Always place your child in a way that they can see your face and your mouth. We have a tendency to place children with their backs propped on us, unless we are feeding. Babies receive lots of social cues and signals from our eyes and focus on our mouth to try to figure out how we do that thing called speaking. For a child 0-5 months, I like to sit with my knees bent and child leaning and propped between my knees and my thighs. For children who are beginning to sit independently, I support the back with the heels of my feet while the child is safely supported by the circle of my legs.
Give choices grow independence.
Babies need choices and this is the first way that children use language. Babies learn to gesture toward the desired object at around 8 months old. From this gesture, they begin to use sounds to indicate their desire, and finally, around 12-14 months, they begin to say the name of the object they actually want. Aid this natural progression by always placing two objects in front of your little one, so that they can reach toward what they want.
Sharing is caring.
Turn-taking is an often-overlooked skill. Children as young as 9 months can begin to learn my turn/your turn. You can do this when doing a puzzle with your child and you each have a chance to place a piece. The same is true for a shape sorter, or even when turning pages in a book. By developing these skills early on, your child will be an expert by the time he reaches the terrible twos!
Even as adults, we have sensory issues, but language develops in the optimal environment, and for some children that means making a mess. Take the time to make play doh and slime with your child, play in bean bins by digging for treasure, and draw pictures in shaving cream on your wall. Doing these multi-sensory (i.e. involving all the senses) activities with your child will activate many more parts of his brain, leading to increased integration (connectedness).

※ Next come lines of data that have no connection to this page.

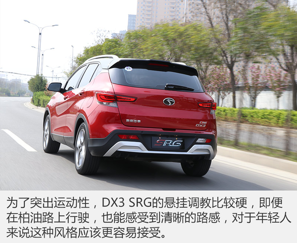 東南DX3 SRG很明顯是為85后年輕群體打造的一款車,雖然它的最終用戶不一定是年輕人,但不可否認(rèn)東南DX3 SRG是同級(jí)中顏值頗高的一員,無論從哪個(gè)角度都足夠讓人驚艷;試駕活動(dòng)中全新的動(dòng)力組合非常出色,尤其是底盤調(diào)教給我留下了深刻的印象,這對(duì)于年輕消費(fèi)者來說無疑是個(gè)利好的期待,作為10萬元級(jí)別SUV,DX3 SRG有很強(qiáng)的實(shí)力與競品爭奪市場。(圖/文 張嘉文)
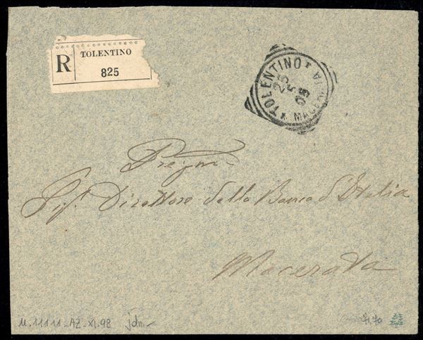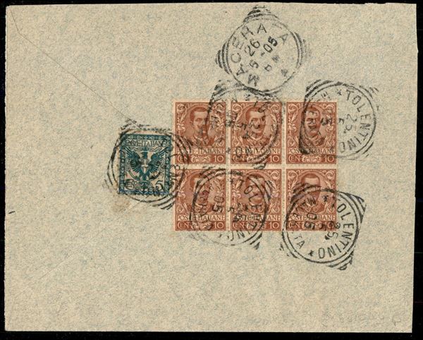 Busta raccomandata affrancata al retro con 5 cent + blocco di sei del 10 cent Floreale (70 + 71 sei) da Tolentino 25.5.05 per Macerata - ex coll. Provera
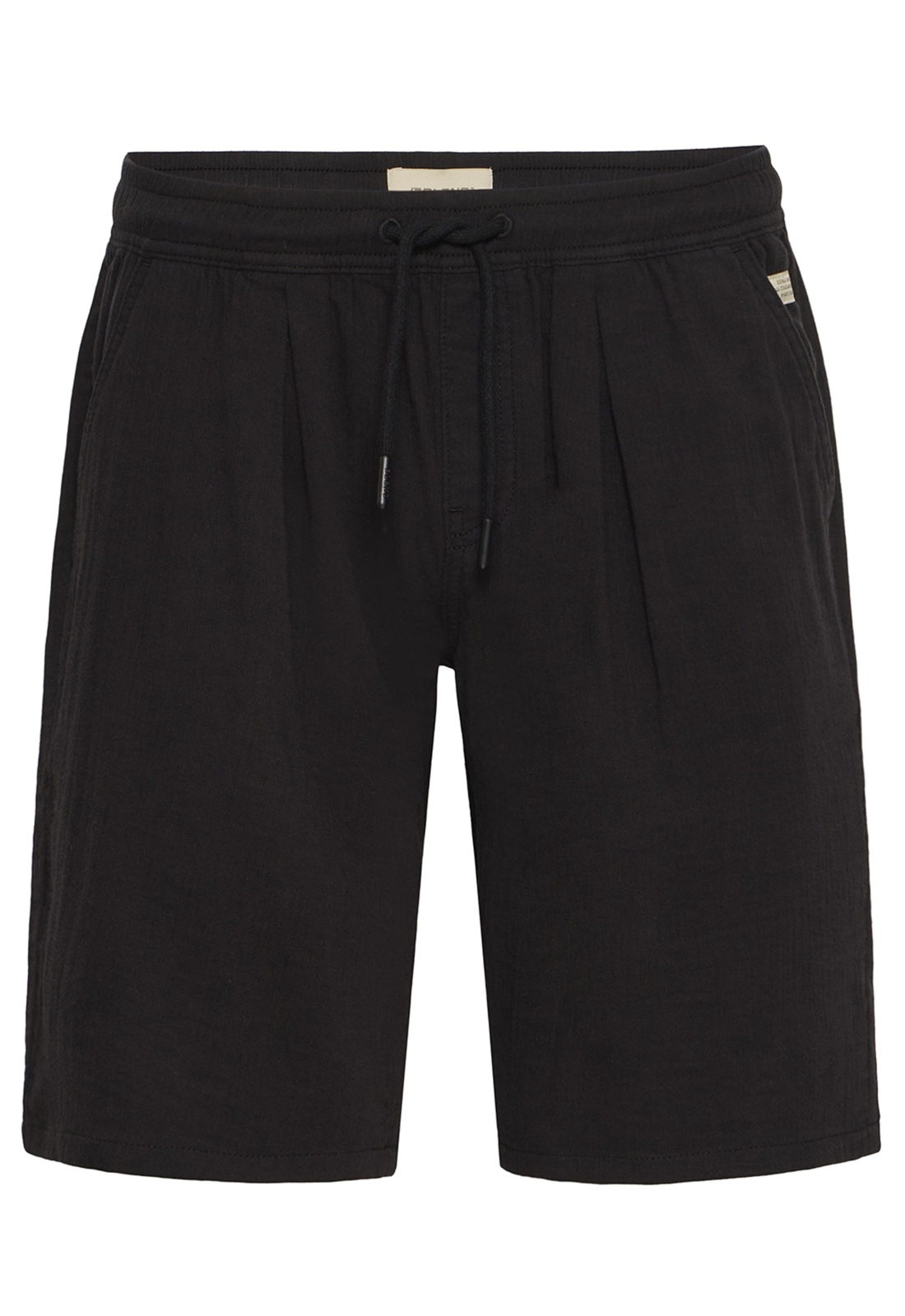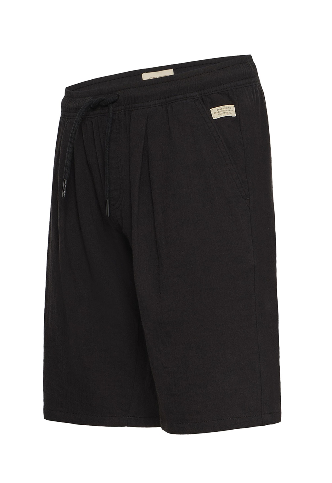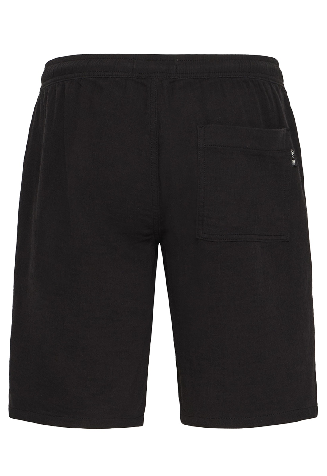 Short noirFermeture avec cordon de serrageTaille élastiquéeDeux poches passepoilées.Deux poches plaquées arrière
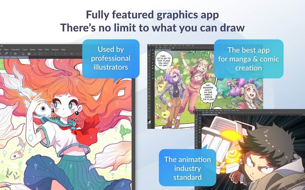 Pluspunten:Dankzij cloudbesparing kunt u vanaf meerdere apparaten tegelijk werken. Tal van gereedschappen, penselen en andere functies voor het tekenen van allerlei soorten kunstwerken. Vooral goed voor strip- en mangakunstenaars.
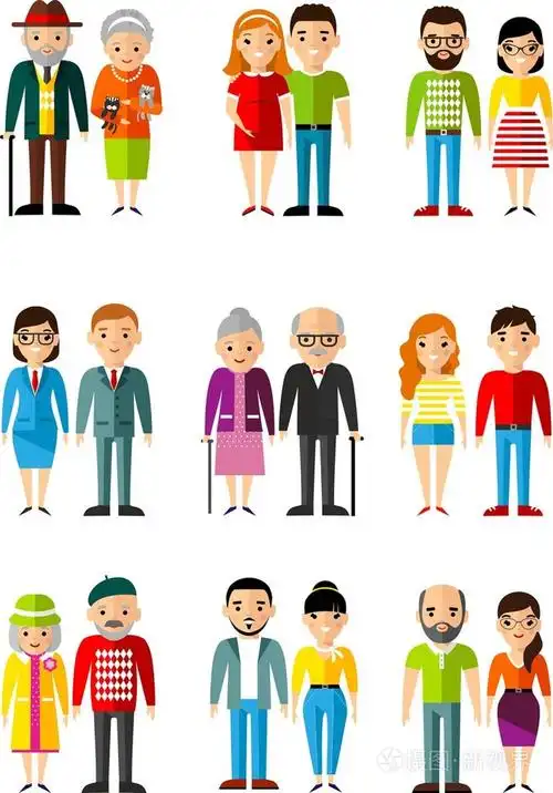 卡通风格的不同年龄年轻人和老年人与男婴女孩孕妇照片
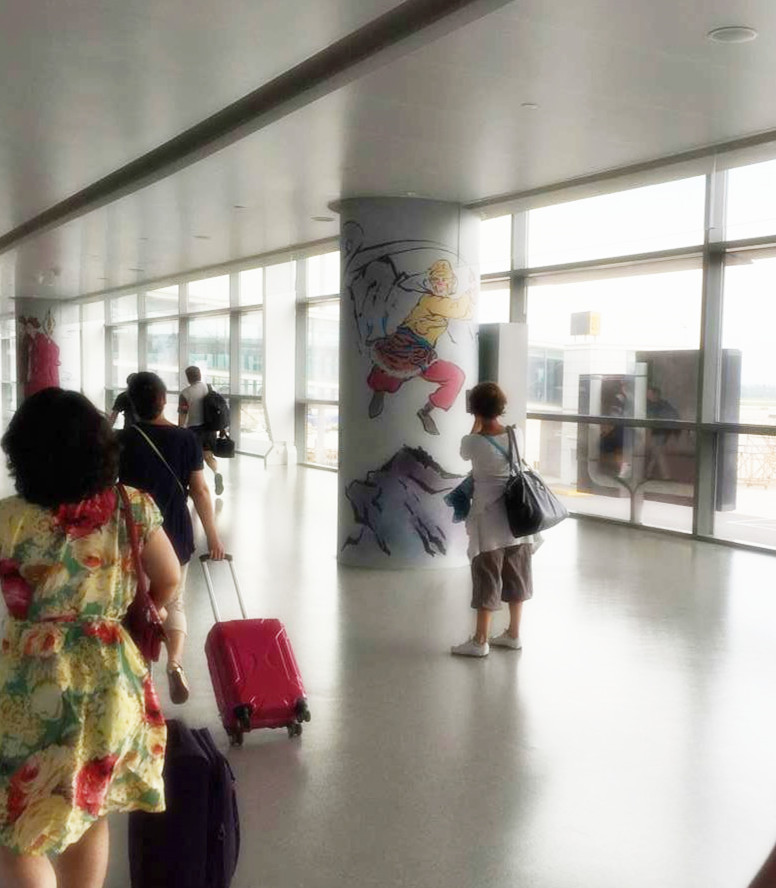 下了飛機(jī)疲憊的倦容適合欣賞一些美景,隨著輕輕的步調(diào),環(huán)顧四周,灰白色的墻上已換上新裝,沒有半點(diǎn)亂花漸欲迷人眼的浮躁感,不驕不躁的水墨情呈現(xiàn)給燈箱是再合適不過的,整個(gè)T2航站樓的長廊儼然開拓了一副新天地,斜陽西照,深色的柱子上一幅幅西游記的經(jīng)典場景回放著映入眼簾,穿過獨(dú)具特色的長廊,陽光透過玻璃墻,照射在灰色的地面上。恢弘大氣的長廊里,有一種內(nèi)斂含蓄的文化底蘊(yùn)在涌動(dòng),長廊如紙,柱體如虹,旅客的性情、思緒,融入在造型、筆墨、意蘊(yùn)之中,整個(gè)長廊里流動(dòng)著平實(shí)敦厚,溫潤超逸的謙謙之音,旅客亦喜焉,似樂也。

Devices are over-rated. Talk to me.
Don’t get me wrong–I love my iPhone, iPad, iMac…–but children still learn best from speaking. The 30 Million Word Project has been revisiting Hart & Risley’s 1975 study, indicating that children from lower-income homes hear 30 million fewer words than their upper-middle-class peers by the time they reach Kindergarten. This research shows a clear connection between the amount and diversity of language a child hears and their future success, all the way through high school. Talk about the things in your environment, respond to your child’s questions, and have real conversations.